The post How analytics saved the break room coffee machine appeared first on The SAS Training Post.

5月 302014
 

I wish I had a nickle for every time I heard this question at SAS Global Forum:

"So, does this SAS Studio thing replace SAS Enterprise Guide?"

SAS Studio is a pretty big deal. It's groundbreaking in several ways:

  • It's a web-based programming interface to SAS. It runs in your browser, which means that end users don't have to install anything (when connecting to a remote SAS session).
  • It's an HTML5-based application, so there are no browser plugins needed. It runs on Windows, Macs, and even the iPad.
  • It's the basis for new offerings from SAS, most notably the SAS University Edition. This offering is free to just about any learner for non-commercial use. The SAS University Edition includes SAS, running in a virtual machine, packaged with SAS Studio as the user interface. Since its launch earlier this week, people have been downloading it like crazy.

You're going to be hearing a lot about SAS Studio. It was even the theme for this month's SAS Tech Report.
If you haven't seen SAS Studio, take a few minutes and watch my SAS Tech Talk interview with Shannon Smith, the SAS R&D testing manager for the product:

 

So what does this mean for those of us who have invested our skills and processes in SAS Enterprise Guide? If you read this blog regularly, you know that includes me! Does this "new app on the block" replace our beloved SAS Enterprise Guide? The answer is No -- and Yes.

No, SAS Studio isn't a direct SAS Enterprise Guide replacement. SAS Enterprise Guide continues to get new features, mostly targeting productivity enhancements and integration with other SAS offerings, such as SAS Visual Analytics.

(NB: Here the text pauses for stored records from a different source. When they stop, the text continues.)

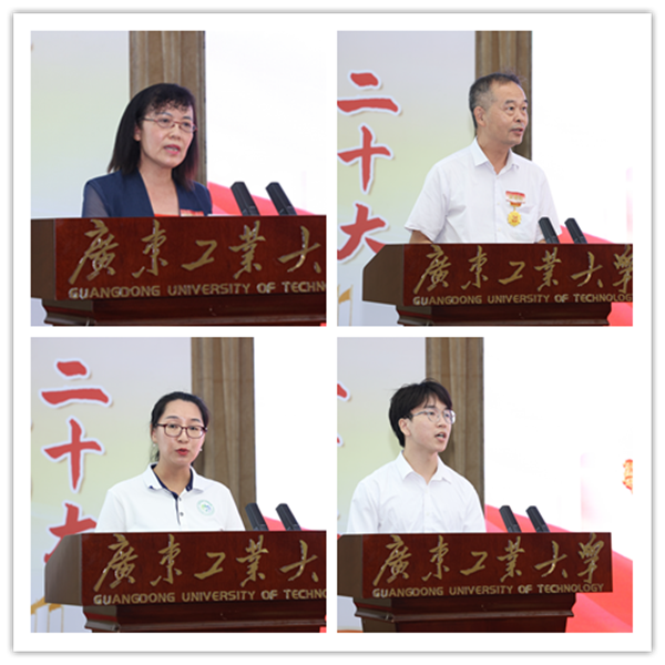 获奖教师代表刘旭红教授表示,获得学校首届“教书育人奖”,感到十分光荣,作为平凡的教师,所做的就是坚持一颗爱生如子的心,用真情相待学生们,37年来培养的学生有全国劳动模范、建筑公司党委书记、董事长、教授级高工等,今后继续在平凡的岗位上坚守,在坚守中奋力前行,做党和人民教育事业的奉献者。“忠诚服务奖”获奖者、揭阳校区吴黎明教授说,最骄傲的是40年亲身经历了广工大扩规模、拓空间、上水平、攀高峰,最高兴的是培养了一批又一批听党话、跟党走、有理想、有本领、具有为国奉献钢筋铁骨的高素质人才,将不忘初心、牢记使命、继续奋斗,用自己的实际行动做学生为学、为事、为人的示范。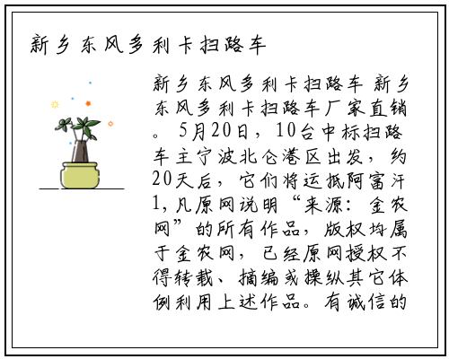 新乡东风多利卡扫路车 新乡东风多利卡扫路车厂家直销。 5月20日,10台中标扫路车主宁波北仑港区出发,约20天后,它们将运抵阿富汗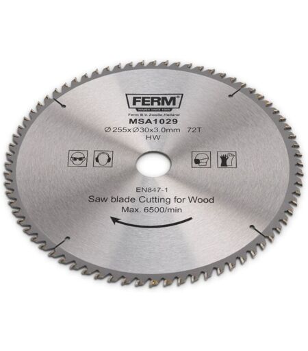 Ferm Lama circolare hss 255 x 30 mm - 72 denti. Per seghe da tavolo e troncatrici -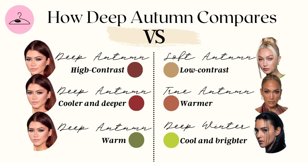 Overlap: Both seasons have warm undertones, but Deep Autumn has more intensity, while Soft Autumn is gentler and more muted.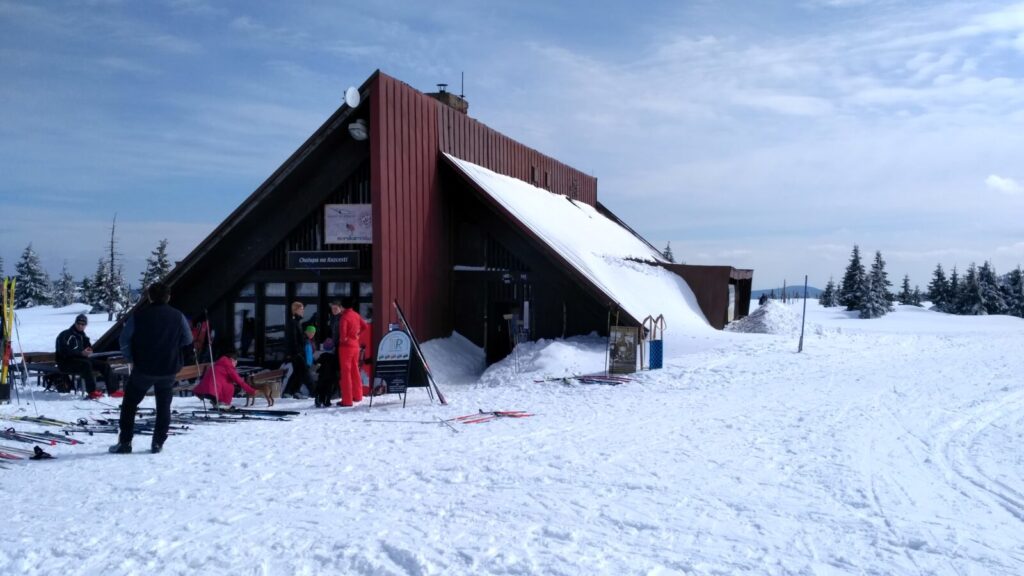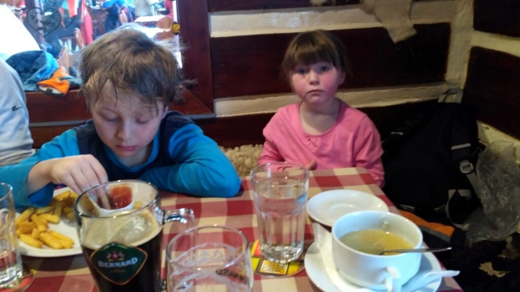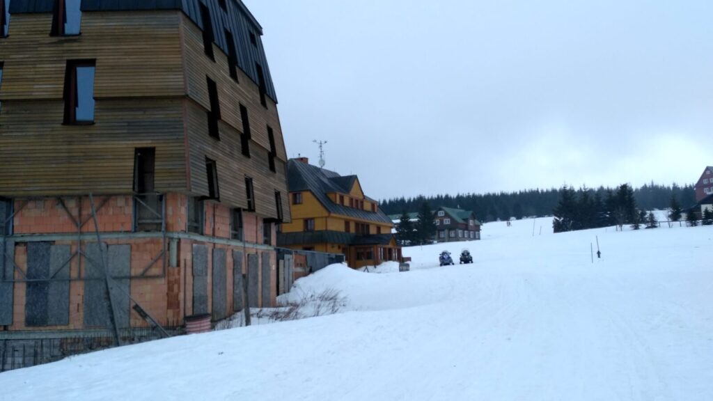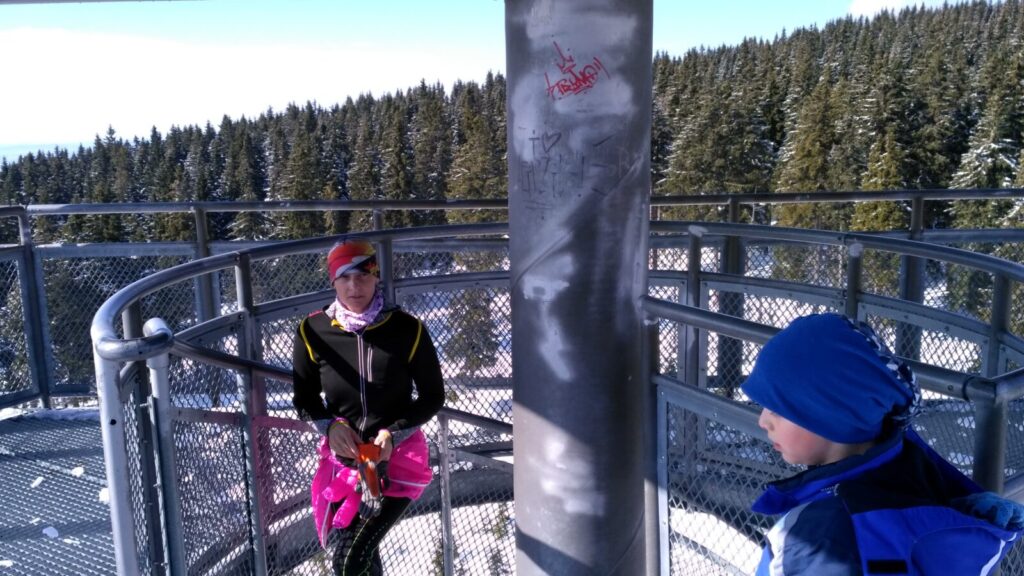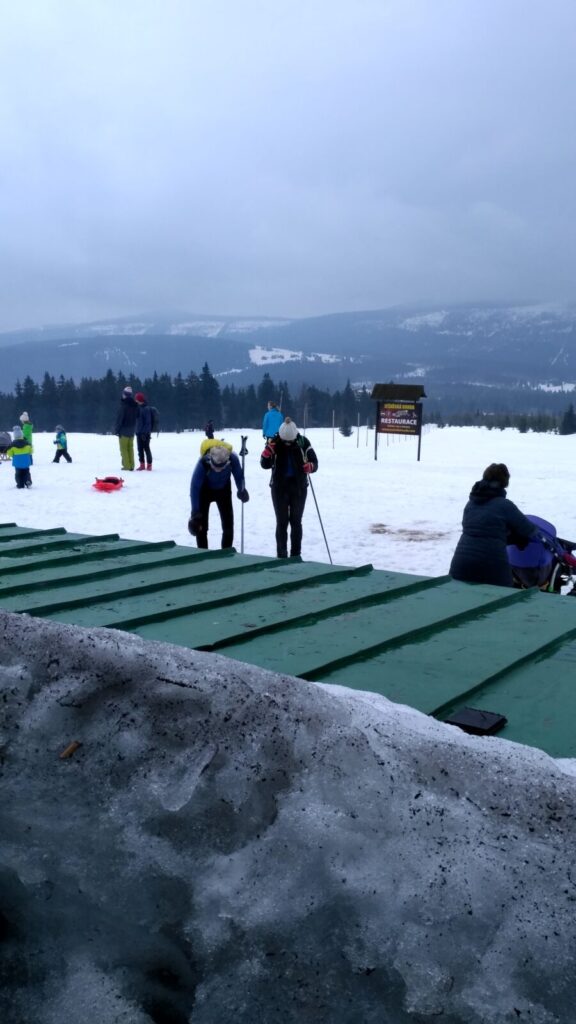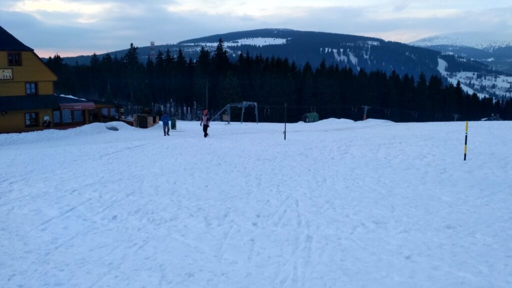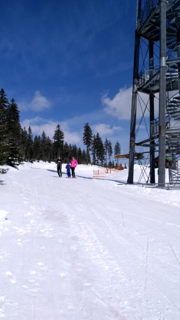 Docházíme na Bachledku, takové klasické komerční středisko na konci lanovky z Bachledovy Doliny. Právě tady tu budují rozhlednu, tedy procházku korunami stromů, jejíž stavba je nyní velice rozšířená. V místní restauraci Panorama su kupujeme pivko, bohužel jen pleškové a holky k tomu langoše.

Many thousands of users around the world use SAS Enterprise Guide to manage process flows, reporting and analytics, database access, and custom processes. SAS Studio doesn't have all of that infrastructure (at least, not yet), and cannot step in to replace all of that.

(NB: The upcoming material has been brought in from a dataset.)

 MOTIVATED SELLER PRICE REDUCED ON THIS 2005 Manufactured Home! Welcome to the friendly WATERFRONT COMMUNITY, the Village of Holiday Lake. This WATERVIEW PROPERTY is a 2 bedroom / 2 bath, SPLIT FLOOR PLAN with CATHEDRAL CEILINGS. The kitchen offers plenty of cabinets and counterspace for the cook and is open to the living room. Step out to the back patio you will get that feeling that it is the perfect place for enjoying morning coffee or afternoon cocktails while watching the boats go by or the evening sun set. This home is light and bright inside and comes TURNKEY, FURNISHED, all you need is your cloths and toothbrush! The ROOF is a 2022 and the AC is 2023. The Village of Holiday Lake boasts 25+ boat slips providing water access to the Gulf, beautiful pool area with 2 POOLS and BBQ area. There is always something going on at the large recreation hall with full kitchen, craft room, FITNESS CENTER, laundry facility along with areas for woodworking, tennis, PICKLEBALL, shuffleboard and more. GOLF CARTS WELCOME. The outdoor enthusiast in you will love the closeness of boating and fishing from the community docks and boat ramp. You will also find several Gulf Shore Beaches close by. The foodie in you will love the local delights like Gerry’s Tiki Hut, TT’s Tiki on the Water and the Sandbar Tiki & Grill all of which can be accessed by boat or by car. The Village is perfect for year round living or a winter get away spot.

But also, Yes: SAS Studio can replace some uses of SAS Enterprise Guide. If you use SAS Enterprise Guide simply as way to manage SAS programs in your SAS environment, then you can certainly use SAS Studio instead (or as well) to develop and maintain those programs. SAS Studio also includes some tasks for non-programmers, similar to those found in SAS Enterprise Guide -- but for now the library isn't as rich as what you'll find in SAS Enterprise Guide. And with the SAS University Edition, SAS Studio will represent the first SAS experience for the next generation of SAS programmers.

Sometimes SAS users ask me (usually in a hushed tone): Why does SAS create these different applications that seem to compete with each other? Is there some sort of contest in SAS R&D to see which teams can outdo the others? My answer: while these apps might have a certain amount of overlap, they really do serve different purposes and different audiences. Our goal is to enable SAS users -- regardless of discipline, industry, or expertise -- with the tools that are most fit for their particular purpose. One size does not fit all (though some diehard PC SAS fans might disagree with me).

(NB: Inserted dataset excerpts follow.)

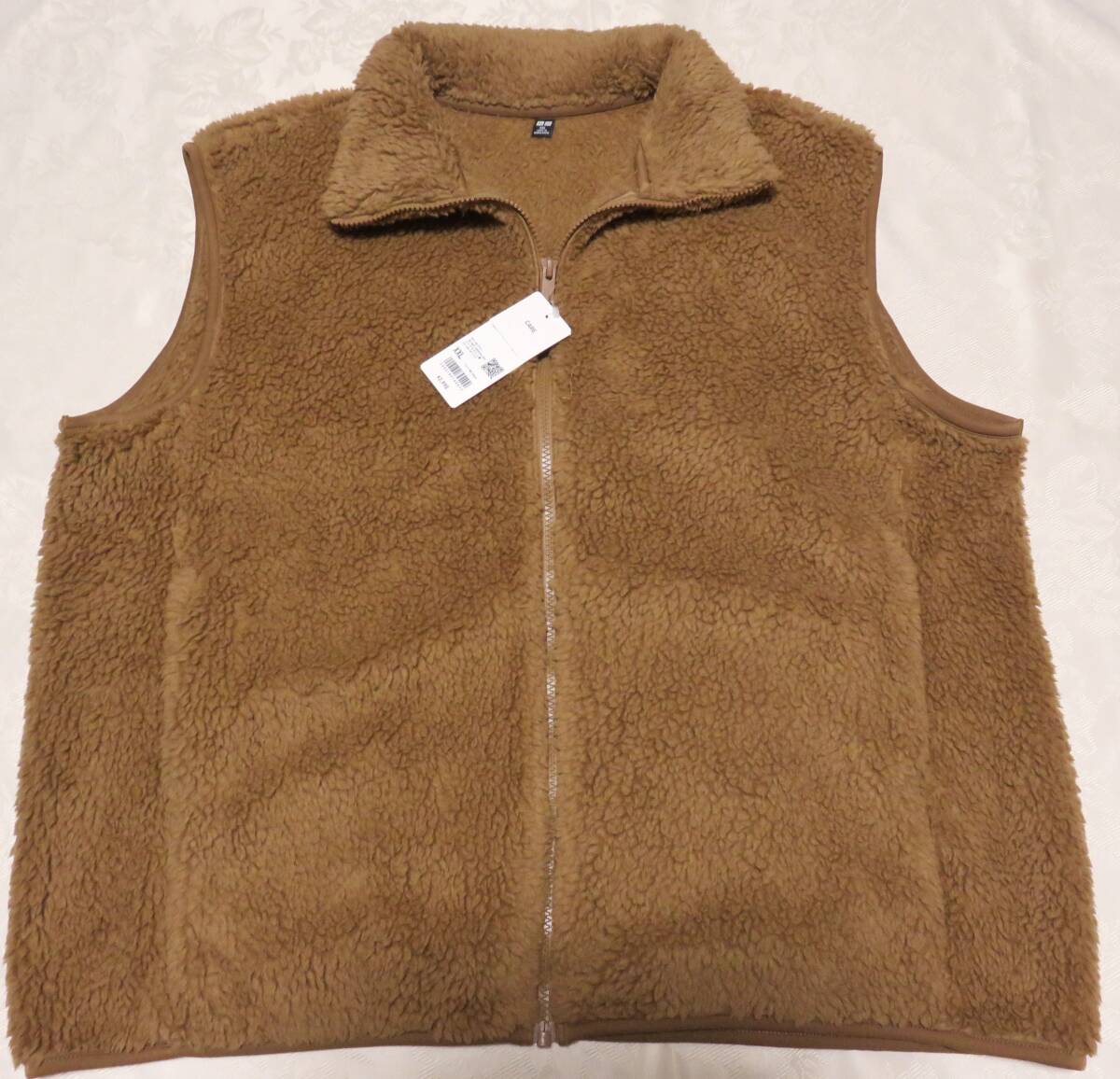 > 未使用タグ付 ユニクロ ライトボア フリース ベスト ブラウン WOMEN XXL/3L ジップアップ 防寒 アウター 上着 部屋着 ルームウェア UNIQLO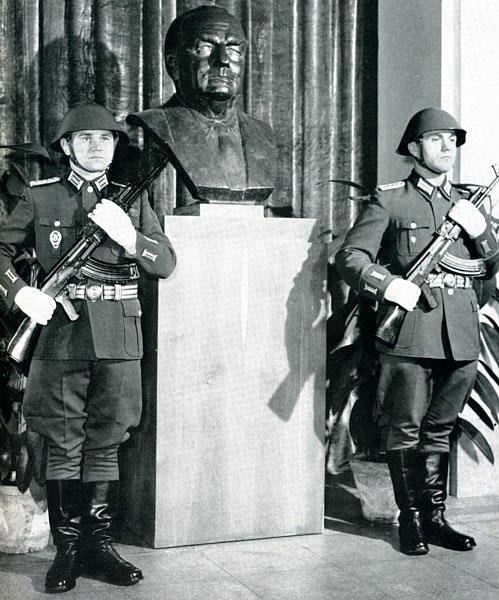 Offiziersehrenwache an der Büste des ersten Präsidenten der DDR, Wilhelm Pieck.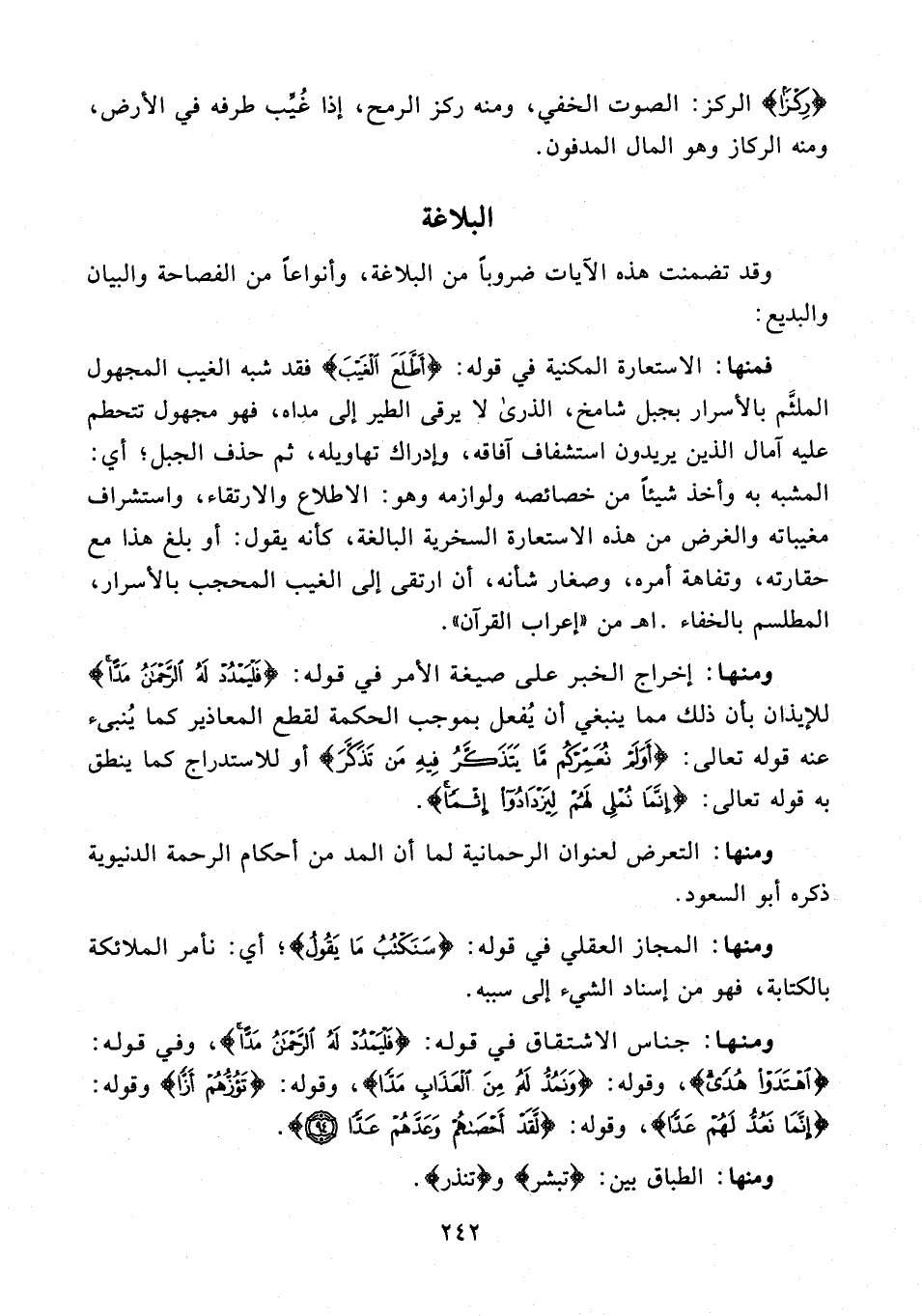 وقد تضمنت هذه الآيات ضروبًا من البلاغة، وأنواعًا من الفصاحة والبيان والبديع:

Plus, here's another secret: the same developers have built all of these applications. The SAS Studio development team includes people who worked on SAS Display Manager (you know, "PC SAS") and SAS Enterprise Guide. This is a direct benefit of SAS being such a great workplace: nobody leaves. That means that the lessons learned from customers and developers are carried over and applied in each successive "app generation". If developers are competing, then they are mostly competing with the proven work they've done in the past. But since the teams always have new technology and techniques at their disposal, it's the end users who win.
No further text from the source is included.